The novel SARS-CoV-2 virus and COVID-19, the disease it causes, have changed the whole world. We are facing a global health crisis – characterized as a pandemic by the World Health Organization – unlike any in recent history. The international scientific community is struggling to understand both the virus and the disease. This requires efforts at an unprecedented level of international focus and cooperation to preserve clinical trial integrity during the pandemic, to develop and to identify treatments, and to find out under what conditions they are safe and effective.

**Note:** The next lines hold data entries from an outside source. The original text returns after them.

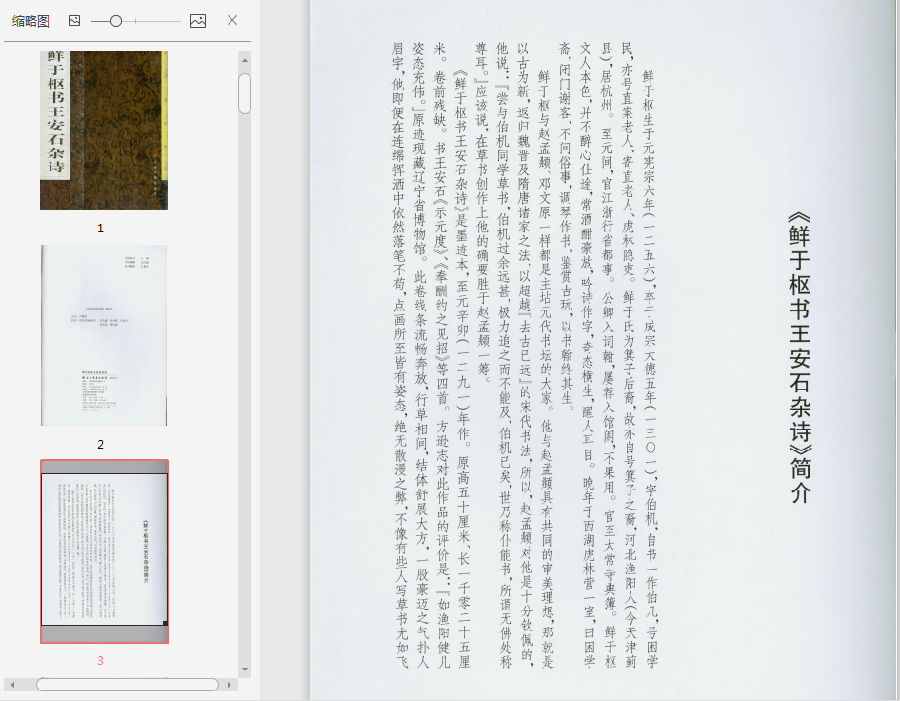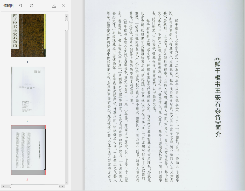 鲜于枢,至元间,官江浙行省部事。公卿入词翰,屡荐入馆阁,晚年于西湖虎林营一室,不问俗事,闭门谢客,调琴作诗,常酒酣豪放,吟诗作字,奇态横生,醒人耳目,鉴赏古玩,以书翰终其生。可以说这是一本难得的有关于古代杂诗的珍贵宝典,读者定要好好翻阅与学习。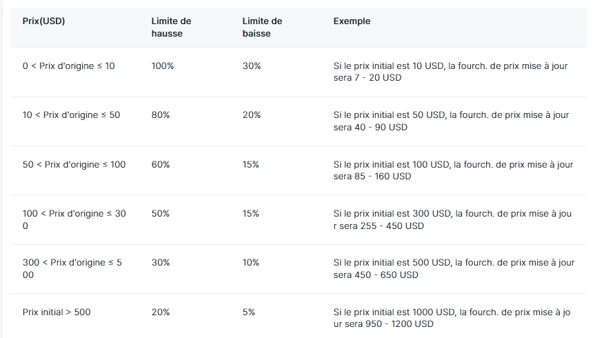 (2) Un dépassement des limites de prix entraînera l'échec de la mise à jour.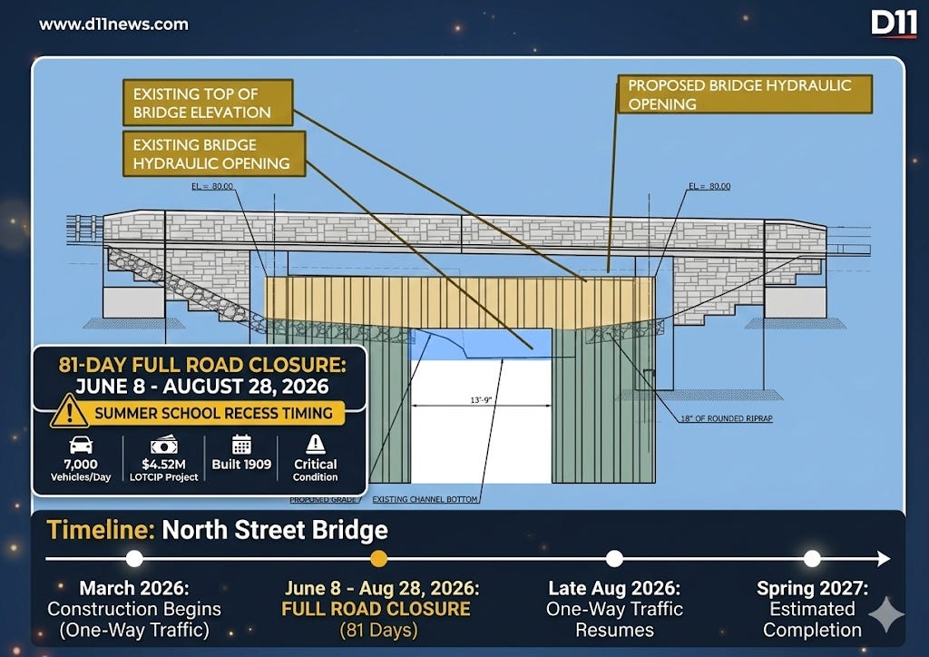 Construction begins this month on the North Street Bridge replacement — a project years in the making that will impact commutes for most District 11 residents and other who cross through D11 from now through Spring 2027.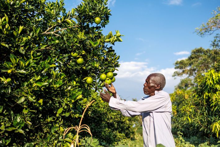 Stanley Aremu på 69 år har med hjælp fra Folkekirkens Nødhjælp plantet frugttræer med bananer, appelsiner, papaya og dyrker majs og bønner, som sikrer mad på bordet og en fast indkomst til hans familie. Giv et træ til familier som Stanleys.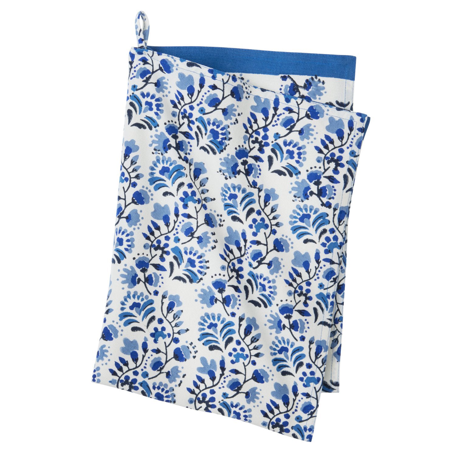 Riviera Blue 'Marigold' Block Print Tea Towel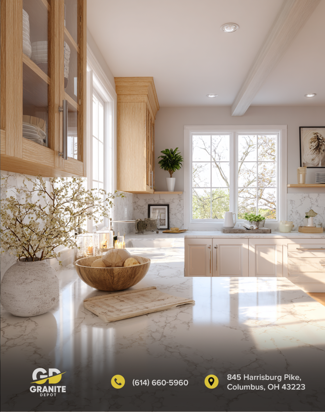 Granite Depot of Columbus ensures that clients select slabs that complement cabinetry, flooring, and appliances, creating a cohesive design without sacrificing performance.

In this paper we discuss challenges in three key areas of clinical research and propose ways in which machine learning (ML) can help to address those challenges. The three areas are: ongoing clinical trials for non-COVID-19 drugs, clinical trials for repurposing drugs to treat COVID-19, and clinical trials for new drugs to treat COVID-19. In each of these three areas we identify opportunities where we believe ML can provide important insights and can help address some of the challenges faced in clinical trials. We are aware that some of what we suggest may not be practicable during the current pandemic – but our discussion, although motivated by the current pandemic also has an eye toward the future. We are also aware that some of what we suggest may not have been used in a regulatory environment previously but the pandemic provides an opportunity to apply novel approaches that can be used in this challenging situation. This may lead to regulatory acceptance of some of these methods and thus lead to changes in future drug development processes. Our discussion is intended as a broad overview; we provide references for deeper reading but in most instances we do not go into detail about ML methods and results. However, in order to give some idea of what has been done and what is possible, we do go into greater detail in two places.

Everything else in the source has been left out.